Though she never knew her, Rojas shares her forebear's first name — and a passion for the guitar.
"My great-grandparents came to Paraguay from Switzerland," Rojas said. "Berta played the guitar. My great-grandfather, Wilhelm, the violin, and they would play together."
"Now, I always pay Berta a visit when I go home. It's part of the ritual."
Rojas, a critically acclaimed guitarist with a busy international schedule, plays as a guest of Austin Classical Music Society on March 3.
Rojas, who lives in Washington, D.C., is a bit of an anomaly among professional classical guitarists, an instrumental specialty still largely populated by male luminaries.
"It's a male-dominated world," she said of the classical guitar scene — and, well, the world in general. "But little by little women are making their voices heard."
To its credit, the Austin Classical Guitar Society has always featured women in its international concert series, something Executive Director Matthew Hinsley said he purposely decided to do when he took the helm of the organization in 1996. "We have a lot of young women in our youth programs," Hinsley said. "By featuring women like Berta, we're able to provide an important context for our" young women students.
For a guitar festival in Paraguay last year, Rojas participated in "Divas de la Guitarra," a concert featuring herself along with three of her gal-pal guitar friends: Ana Vidovic, Xuefei Yang and Grammy-winner Sharon Isbin. (Both Vidovic and Yang, incidentally, have been guests of the Austin Classical Guitar Society.)
But perhaps more intently than championing gender diversity in the classical guitar world, Rojas has long focused attention on bringing the music composers from the Americas to greater international attention.
"We tend to think of Latin America as one whole, one place," she said. "And by labeling it simply ‘Latin America' like that, we forget the vast differences of each country and all the nuances that music has."
Through busy concertizing and several recordings, Rojas specifically spotlights Paraguayan virtuosic guitarist and innovative composer Agustín Barrios (1885-1944), featured in Rojas' 2010 CD "Intimate Barrios."
Though he was recognized for his deft and original blending of folk music traditions with classical stylings, Barrios' compositions never quite received their due during his lifetime, particularly outside South America.
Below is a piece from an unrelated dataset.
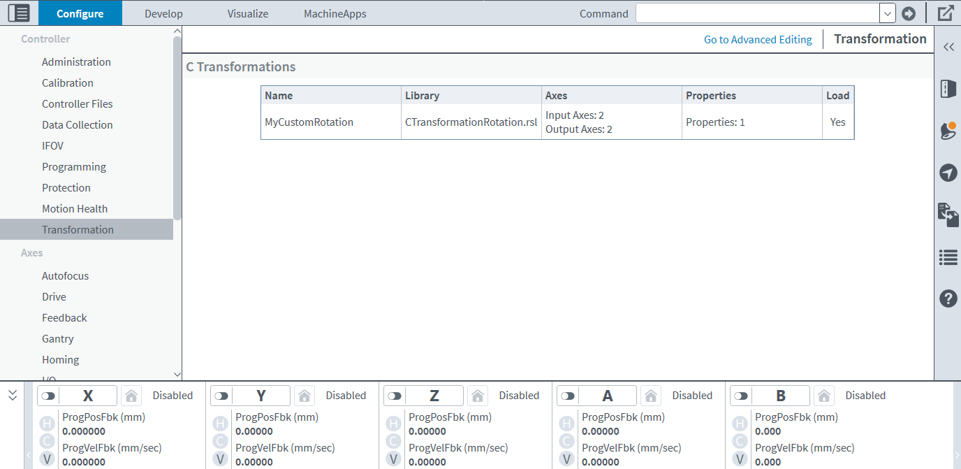 Advanced Editing in the Transformation module lets you specify the behavior of transformations and the position signals of the axes used in them. You can also specify the order in which the controller executes IFOV and C transformations.

Nevertheless he performed relentlessly, leaving Paraguay for decades to traverse the Americas. By nature an audacious person, Barrios created an alter ego to perform, adopting the name Nitsuga Mangoré ("Nitsuga" is Agustín spelled backward) and performing dressed as a Guaraní Indian chief. (Barrios was partly Guaraní, an indigenous people of South America.)
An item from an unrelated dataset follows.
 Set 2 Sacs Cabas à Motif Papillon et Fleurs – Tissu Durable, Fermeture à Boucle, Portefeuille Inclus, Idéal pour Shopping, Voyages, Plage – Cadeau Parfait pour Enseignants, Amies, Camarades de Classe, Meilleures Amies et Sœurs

Last year, Rojas embarked on one of her most ambitious projects yet: "In the Footsteps of Mangoré," a three-year tour during which Rojas will essentially follow Barrios' itinerary with concerts of his music.
"Imagine what it must have been like for Barrios to travel (the Americas) by boat, by train, by horseback at times," Rojas said. "He knew his region well and embraced its diversity. He was such an idol for so many musicians."
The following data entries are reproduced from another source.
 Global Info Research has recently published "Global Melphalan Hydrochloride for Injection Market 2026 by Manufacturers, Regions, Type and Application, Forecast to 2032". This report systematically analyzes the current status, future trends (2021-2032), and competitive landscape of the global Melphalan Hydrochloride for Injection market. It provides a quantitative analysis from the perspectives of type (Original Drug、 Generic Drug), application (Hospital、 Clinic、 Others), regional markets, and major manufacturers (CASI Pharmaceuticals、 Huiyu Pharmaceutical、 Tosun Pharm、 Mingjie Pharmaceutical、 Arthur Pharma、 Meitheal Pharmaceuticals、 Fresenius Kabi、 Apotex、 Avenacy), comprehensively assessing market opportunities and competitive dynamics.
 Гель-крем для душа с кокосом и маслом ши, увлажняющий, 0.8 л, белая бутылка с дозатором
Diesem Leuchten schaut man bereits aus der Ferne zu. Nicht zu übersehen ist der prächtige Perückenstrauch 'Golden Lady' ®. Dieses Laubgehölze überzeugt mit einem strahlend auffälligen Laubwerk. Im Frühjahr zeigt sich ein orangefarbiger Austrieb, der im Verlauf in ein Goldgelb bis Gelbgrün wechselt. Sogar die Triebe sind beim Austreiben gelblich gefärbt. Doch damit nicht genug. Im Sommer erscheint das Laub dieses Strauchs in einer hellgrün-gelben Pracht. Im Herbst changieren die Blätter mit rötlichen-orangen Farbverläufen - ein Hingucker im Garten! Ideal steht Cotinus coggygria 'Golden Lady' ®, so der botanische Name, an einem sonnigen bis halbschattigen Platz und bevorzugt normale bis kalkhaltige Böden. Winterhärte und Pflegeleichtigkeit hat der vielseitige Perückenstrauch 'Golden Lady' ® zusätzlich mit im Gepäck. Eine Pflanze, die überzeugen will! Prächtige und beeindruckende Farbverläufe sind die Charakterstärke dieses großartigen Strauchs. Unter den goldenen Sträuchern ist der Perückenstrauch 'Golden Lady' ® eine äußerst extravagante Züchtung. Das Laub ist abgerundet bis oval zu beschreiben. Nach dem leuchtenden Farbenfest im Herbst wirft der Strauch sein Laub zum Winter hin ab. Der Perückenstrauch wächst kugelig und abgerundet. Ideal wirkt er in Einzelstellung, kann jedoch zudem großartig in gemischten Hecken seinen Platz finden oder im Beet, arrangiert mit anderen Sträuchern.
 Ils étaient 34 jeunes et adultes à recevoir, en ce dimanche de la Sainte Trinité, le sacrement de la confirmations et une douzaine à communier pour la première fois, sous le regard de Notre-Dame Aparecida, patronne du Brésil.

Joining her for certain concerts along the way are some of Rojas' all-star friends, including Cuban jazz great Paquito D'Rivera. In fact, Rojas and D'Rivera just finished recording a CD that will be released in March.
"Barrios always tried to make a connection between popular music, local musicians and the" classical guitar tradition, Rojas said. "I wanted to honor that, too."
Rojas will play some Barrios on her Austin program. But she also is including a number of new pieces by emerging composers. "I like to promote the music of younger upcoming composers, too."
A few years ago in Paraguay, Rojas discovered that a collector of old musical instruments had a beautiful antique guitar about which he knew very little except that it had once belonged to a German-speaking Paraguayan woman named Berta. It was clearly Rojas' great-grandmother's instrument, of which the family had long ago lost track.
"He didn't want to sell it, unfortunately," said Rojas of the collector. "Maybe some day, I'll be able to buy it."